Drawings of electrophysiological recordings of action potentials in inferotemporal cortex of monkeys with different stimuli. Stimuli that look like human or monkey faces elicit firing. Stimuli like a hand or chaotic lines do not elicit firing. — Figure 6.34 Face-selective units Recordings in inferotemporal cortex of monkeys shows neurons that respond selectively to faces. Image credit: Journal of Neurophysiology, Vol. 46, Issue 2. Visual properties of neurons in a polysensory area in superior temporal sulcus of the macaque. C Bruce, R Desimone, C G Gross. (1981). With permission from The American Psychological Association.

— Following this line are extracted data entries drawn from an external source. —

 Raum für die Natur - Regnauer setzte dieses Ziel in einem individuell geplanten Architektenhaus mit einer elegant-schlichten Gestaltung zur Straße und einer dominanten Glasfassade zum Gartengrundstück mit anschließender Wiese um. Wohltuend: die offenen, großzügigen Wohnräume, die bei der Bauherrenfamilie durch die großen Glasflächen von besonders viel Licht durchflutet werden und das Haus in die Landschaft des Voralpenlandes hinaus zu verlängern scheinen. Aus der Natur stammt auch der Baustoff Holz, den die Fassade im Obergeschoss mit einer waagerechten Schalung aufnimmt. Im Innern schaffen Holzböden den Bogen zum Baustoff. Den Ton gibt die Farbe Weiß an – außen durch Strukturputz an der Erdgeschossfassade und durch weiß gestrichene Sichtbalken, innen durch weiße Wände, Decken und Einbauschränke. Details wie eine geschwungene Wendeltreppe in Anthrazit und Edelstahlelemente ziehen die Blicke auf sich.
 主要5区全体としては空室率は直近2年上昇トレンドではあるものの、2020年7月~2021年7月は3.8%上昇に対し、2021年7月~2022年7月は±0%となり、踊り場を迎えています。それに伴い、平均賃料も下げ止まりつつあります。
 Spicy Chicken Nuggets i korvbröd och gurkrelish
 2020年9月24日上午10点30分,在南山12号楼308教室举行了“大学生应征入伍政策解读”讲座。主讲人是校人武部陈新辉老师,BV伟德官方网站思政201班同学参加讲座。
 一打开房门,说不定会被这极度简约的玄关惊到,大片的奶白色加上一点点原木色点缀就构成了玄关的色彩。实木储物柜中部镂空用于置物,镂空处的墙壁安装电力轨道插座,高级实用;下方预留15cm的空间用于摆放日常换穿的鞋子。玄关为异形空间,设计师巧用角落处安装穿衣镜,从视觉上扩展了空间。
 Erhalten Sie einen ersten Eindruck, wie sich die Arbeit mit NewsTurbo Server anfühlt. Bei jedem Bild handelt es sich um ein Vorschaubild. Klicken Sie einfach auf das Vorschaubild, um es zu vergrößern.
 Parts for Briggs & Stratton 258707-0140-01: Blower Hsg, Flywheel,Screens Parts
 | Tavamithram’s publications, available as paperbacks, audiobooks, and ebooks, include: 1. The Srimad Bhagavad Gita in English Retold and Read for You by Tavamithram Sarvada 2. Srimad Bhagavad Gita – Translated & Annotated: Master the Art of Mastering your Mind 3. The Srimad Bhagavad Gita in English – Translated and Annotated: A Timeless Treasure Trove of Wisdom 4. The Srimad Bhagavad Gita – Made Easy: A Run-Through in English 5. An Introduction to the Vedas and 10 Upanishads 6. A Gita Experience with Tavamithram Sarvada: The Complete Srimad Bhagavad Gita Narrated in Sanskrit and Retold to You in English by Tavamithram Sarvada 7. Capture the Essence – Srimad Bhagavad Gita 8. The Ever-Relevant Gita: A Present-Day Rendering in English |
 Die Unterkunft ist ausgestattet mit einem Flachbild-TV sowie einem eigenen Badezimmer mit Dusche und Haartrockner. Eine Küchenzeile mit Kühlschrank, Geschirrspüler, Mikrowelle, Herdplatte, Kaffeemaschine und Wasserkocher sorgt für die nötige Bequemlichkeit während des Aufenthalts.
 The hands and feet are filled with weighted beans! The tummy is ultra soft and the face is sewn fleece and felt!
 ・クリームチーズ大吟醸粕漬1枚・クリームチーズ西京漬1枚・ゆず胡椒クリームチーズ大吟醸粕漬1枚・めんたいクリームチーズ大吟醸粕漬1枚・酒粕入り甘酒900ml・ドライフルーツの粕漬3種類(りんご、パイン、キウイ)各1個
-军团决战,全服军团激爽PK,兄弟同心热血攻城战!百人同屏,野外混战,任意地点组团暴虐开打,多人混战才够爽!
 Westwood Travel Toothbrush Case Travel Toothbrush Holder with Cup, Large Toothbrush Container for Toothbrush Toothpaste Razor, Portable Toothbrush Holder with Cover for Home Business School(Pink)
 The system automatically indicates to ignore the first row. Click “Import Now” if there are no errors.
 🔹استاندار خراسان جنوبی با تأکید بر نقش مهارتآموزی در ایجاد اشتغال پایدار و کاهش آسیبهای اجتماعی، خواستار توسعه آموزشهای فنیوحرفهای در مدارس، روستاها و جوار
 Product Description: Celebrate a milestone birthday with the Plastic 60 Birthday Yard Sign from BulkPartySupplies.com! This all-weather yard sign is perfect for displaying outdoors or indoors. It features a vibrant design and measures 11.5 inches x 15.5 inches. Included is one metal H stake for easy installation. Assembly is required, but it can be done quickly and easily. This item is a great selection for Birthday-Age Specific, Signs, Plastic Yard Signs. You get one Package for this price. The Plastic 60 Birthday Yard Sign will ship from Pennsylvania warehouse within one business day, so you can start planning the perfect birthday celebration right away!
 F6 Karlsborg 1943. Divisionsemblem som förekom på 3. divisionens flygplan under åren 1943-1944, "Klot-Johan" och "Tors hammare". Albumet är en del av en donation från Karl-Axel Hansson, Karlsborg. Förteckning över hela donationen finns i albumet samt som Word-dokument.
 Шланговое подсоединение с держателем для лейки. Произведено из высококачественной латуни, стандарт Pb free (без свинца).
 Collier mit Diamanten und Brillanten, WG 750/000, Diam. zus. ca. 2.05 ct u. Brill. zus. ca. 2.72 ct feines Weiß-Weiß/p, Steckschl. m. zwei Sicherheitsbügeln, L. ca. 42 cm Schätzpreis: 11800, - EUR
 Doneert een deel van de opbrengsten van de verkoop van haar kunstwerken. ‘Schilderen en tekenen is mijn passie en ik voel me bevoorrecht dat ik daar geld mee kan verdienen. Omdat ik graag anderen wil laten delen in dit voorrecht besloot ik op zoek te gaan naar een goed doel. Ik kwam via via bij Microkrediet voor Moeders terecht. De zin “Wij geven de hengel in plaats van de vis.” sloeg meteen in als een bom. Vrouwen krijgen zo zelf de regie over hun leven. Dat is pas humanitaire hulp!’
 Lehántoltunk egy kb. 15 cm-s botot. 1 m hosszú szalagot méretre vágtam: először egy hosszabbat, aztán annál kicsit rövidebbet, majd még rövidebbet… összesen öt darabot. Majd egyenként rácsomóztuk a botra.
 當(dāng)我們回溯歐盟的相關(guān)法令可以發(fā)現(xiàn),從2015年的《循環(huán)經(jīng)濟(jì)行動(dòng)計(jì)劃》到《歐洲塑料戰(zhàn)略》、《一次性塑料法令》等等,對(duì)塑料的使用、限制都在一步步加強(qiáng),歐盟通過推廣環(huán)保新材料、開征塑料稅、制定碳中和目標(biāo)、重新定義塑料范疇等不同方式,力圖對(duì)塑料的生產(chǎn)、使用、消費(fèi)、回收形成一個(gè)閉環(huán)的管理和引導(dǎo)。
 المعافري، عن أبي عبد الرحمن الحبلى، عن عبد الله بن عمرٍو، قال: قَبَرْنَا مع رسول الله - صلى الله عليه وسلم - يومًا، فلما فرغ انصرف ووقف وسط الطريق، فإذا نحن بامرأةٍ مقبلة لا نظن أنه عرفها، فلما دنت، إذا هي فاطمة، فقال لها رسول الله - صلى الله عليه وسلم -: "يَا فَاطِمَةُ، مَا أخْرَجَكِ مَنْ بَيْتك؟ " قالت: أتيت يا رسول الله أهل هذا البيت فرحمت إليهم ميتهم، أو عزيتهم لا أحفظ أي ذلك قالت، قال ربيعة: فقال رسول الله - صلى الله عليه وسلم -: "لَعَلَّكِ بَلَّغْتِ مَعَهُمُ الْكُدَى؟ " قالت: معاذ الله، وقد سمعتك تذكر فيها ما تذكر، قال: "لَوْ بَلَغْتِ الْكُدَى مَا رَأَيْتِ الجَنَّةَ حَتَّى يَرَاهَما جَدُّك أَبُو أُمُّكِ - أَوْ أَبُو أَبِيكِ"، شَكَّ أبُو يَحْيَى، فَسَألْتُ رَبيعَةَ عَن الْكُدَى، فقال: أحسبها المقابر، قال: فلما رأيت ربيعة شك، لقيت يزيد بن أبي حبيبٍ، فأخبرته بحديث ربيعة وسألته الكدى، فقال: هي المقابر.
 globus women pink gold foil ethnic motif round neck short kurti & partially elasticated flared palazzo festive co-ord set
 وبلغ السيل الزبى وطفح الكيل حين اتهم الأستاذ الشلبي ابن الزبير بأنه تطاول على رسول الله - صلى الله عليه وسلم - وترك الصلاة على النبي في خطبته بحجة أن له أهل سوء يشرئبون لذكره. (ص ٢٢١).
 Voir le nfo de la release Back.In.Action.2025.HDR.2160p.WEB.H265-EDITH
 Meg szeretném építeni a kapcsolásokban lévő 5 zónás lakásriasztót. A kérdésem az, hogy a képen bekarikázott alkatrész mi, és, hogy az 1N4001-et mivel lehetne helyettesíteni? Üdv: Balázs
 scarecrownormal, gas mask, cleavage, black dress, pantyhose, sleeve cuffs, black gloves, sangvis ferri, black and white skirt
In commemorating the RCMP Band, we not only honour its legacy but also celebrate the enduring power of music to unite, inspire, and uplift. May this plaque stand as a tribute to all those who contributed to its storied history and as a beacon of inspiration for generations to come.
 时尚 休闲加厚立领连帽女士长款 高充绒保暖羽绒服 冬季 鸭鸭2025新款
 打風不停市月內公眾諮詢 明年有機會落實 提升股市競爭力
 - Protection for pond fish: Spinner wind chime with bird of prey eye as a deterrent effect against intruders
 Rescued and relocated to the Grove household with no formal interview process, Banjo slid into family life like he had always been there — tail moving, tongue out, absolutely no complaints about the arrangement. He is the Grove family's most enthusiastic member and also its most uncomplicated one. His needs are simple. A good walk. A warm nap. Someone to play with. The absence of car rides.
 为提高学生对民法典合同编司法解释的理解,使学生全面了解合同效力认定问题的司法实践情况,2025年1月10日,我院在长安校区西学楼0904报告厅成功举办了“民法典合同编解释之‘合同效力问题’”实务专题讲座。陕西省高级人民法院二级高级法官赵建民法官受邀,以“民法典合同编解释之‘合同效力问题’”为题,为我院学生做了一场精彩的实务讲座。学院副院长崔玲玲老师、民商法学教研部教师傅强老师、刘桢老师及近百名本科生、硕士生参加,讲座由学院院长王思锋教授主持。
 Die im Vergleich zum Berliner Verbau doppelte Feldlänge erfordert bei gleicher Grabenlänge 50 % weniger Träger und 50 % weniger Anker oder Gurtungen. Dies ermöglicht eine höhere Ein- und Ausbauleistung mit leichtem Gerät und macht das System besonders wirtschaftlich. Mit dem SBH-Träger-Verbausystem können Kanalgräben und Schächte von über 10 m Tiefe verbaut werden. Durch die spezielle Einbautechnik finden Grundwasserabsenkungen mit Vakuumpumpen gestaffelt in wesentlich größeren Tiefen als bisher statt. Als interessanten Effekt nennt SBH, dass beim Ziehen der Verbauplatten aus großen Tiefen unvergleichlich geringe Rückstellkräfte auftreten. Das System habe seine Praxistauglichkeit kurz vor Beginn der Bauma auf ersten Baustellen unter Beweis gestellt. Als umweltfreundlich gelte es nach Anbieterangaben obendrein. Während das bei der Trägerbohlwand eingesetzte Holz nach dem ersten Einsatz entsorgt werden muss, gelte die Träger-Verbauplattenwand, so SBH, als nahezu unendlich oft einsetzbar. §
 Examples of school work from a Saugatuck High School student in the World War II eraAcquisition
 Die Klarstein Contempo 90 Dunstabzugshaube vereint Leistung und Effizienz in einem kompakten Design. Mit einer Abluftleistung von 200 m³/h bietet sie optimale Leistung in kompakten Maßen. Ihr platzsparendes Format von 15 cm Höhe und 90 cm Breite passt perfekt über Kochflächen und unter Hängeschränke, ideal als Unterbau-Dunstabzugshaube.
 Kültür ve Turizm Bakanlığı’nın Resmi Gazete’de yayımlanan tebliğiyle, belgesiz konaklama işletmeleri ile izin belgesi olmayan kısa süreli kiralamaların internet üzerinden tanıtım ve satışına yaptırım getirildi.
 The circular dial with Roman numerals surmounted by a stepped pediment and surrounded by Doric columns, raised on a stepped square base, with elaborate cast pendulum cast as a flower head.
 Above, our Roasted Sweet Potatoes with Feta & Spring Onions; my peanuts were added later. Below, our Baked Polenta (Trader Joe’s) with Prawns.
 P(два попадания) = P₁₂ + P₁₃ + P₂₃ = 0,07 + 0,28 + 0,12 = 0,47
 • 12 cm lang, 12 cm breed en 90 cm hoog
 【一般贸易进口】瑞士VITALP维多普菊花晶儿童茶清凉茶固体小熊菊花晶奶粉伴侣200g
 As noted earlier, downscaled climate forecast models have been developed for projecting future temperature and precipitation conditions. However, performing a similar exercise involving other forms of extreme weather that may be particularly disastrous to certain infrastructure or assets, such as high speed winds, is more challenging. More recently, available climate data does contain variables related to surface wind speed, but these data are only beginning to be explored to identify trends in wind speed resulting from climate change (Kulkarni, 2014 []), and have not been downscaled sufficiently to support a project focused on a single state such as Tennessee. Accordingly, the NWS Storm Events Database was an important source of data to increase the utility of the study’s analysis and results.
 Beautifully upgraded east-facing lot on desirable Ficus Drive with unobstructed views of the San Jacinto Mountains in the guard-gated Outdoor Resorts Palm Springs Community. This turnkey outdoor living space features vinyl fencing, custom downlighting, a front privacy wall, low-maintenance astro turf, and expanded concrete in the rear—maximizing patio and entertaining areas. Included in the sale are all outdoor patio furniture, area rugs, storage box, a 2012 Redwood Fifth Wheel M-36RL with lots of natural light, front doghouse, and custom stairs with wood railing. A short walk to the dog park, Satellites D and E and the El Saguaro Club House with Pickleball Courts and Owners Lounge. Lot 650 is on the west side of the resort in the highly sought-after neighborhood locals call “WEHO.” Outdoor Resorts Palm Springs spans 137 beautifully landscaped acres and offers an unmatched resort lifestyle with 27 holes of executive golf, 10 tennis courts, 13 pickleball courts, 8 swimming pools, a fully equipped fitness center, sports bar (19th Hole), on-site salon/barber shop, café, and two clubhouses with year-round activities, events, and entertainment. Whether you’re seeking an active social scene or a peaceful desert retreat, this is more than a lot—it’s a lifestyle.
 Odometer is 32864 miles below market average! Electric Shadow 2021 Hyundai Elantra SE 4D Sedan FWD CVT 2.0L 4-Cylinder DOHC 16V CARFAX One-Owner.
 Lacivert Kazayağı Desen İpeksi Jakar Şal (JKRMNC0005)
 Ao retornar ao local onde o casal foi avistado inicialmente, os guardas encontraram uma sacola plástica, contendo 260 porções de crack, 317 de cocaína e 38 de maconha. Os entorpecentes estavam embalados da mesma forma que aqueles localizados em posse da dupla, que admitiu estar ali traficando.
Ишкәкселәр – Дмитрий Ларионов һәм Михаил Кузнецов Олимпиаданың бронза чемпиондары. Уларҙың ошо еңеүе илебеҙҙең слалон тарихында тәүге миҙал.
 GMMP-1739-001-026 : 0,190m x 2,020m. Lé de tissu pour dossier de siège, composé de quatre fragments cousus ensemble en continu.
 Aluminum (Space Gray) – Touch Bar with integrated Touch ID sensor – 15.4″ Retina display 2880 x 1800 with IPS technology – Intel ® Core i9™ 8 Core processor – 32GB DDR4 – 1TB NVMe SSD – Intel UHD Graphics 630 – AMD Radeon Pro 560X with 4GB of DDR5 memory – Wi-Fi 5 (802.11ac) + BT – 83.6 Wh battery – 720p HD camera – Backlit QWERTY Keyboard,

People Behind the Science: Dr. Doris Tsao and Current Approaches to Studying Face-Selective Units

Dr. Doris Tsao and her collaborators have introduced a more targeted approach to investigating face-selective units in primates. Dr. Tsao began her work on face patch neurons as a graduate student and postdoctoral scientist at Harvard Medical School, collaborating with Winrich Freiwald and Professor Margaret Livingstone. Tsao continued this work as a professor at Caltech, where she received a MacArthur “genius” award, and continues it now at the University of California at Berkeley. Dr. Tsao and her collaborators used fMRI to locate six face patches in IT cortex that contain neurons responsive to faces. They then recorded from individual neurons in each patch. Figure 6.35 (right side) shows the responses of 182 neurons in a face patch (vertical axis) to 96 standard images (horizontal axis) of faces, bodies, fruits, gadgets, hands, and scrambled photos. The images were flashed on a screen in random order. Each horizontal row represents the responses from one of the 182 recorded neurons, with red indicating a strong response. For analysis, the responses were lined up to place all the responses to one stimulus image in a vertical line, and to group the stimuli into six categories. For almost all the neurons in a face patch, it was clear that only the 16 images of faces consistently elicited strong responses, with little or no response to the other images.

Left is a photo of Dr. Doris Tsao. Right is a multicolored heatmap, showing responses of 180 neurons to different sets of stimuli. High response rate are seen to faces, but not bodies, fruits, gadgets, hands or scrambled images. — Figure 6.35 Doris Tsao and fMRI study of face-selective units Responses recorded from 182 individual neurons in one face patch show that only images of faces elicited strong responses from neurons in the face patch. Image credit: Doris Tsao by Giantnanoassembler, CC BY-SA 4.0, https://commons.wikimedia.org/w/index.php?curid=71887161. Data and images of stimuli: Tsao DY, Freiwald WA, Tootell RB, Livingstone MS. A cortical region consisting entirely of face-selective cells. Science. 2006 Feb 3;311(5761):670-4. doi: 10.1126/science.1119983. PMID: 16456083; PMCID: PMC2678572. Reprinted with permission.

Other experiments used cartoon faces as stimuli, permitting systematic variation of features such as the proportions of the face, the size of the nose, the diameter of the eyes, and the height of the hair. Different neurons were tuned to extremes of some features but not affected by variations in other features. Later research found two additional face patches where the responses were affected by whether the face was familiar to the monkey being tested. One clear conclusion was that a given face would elicit responses from a large subset of neurons in multiple face patches, with different faces activating different subsets.

In online videos, Dr. Tsao explains characteristics of the first face-selective neurons she studied as well as her later work at Caltech.

Face patches have also been identified by fMRI in the human brain, a region called the fusiform face area (FFA). Research on IT face patches continues, with a goal of revealing how advanced visual processing occurs in sequential stages for a well-defined image category. These studies may help explain how a scene that activates millions of neurons in multiple cortical areas leads to our conscious perception of the components of the visual world around us.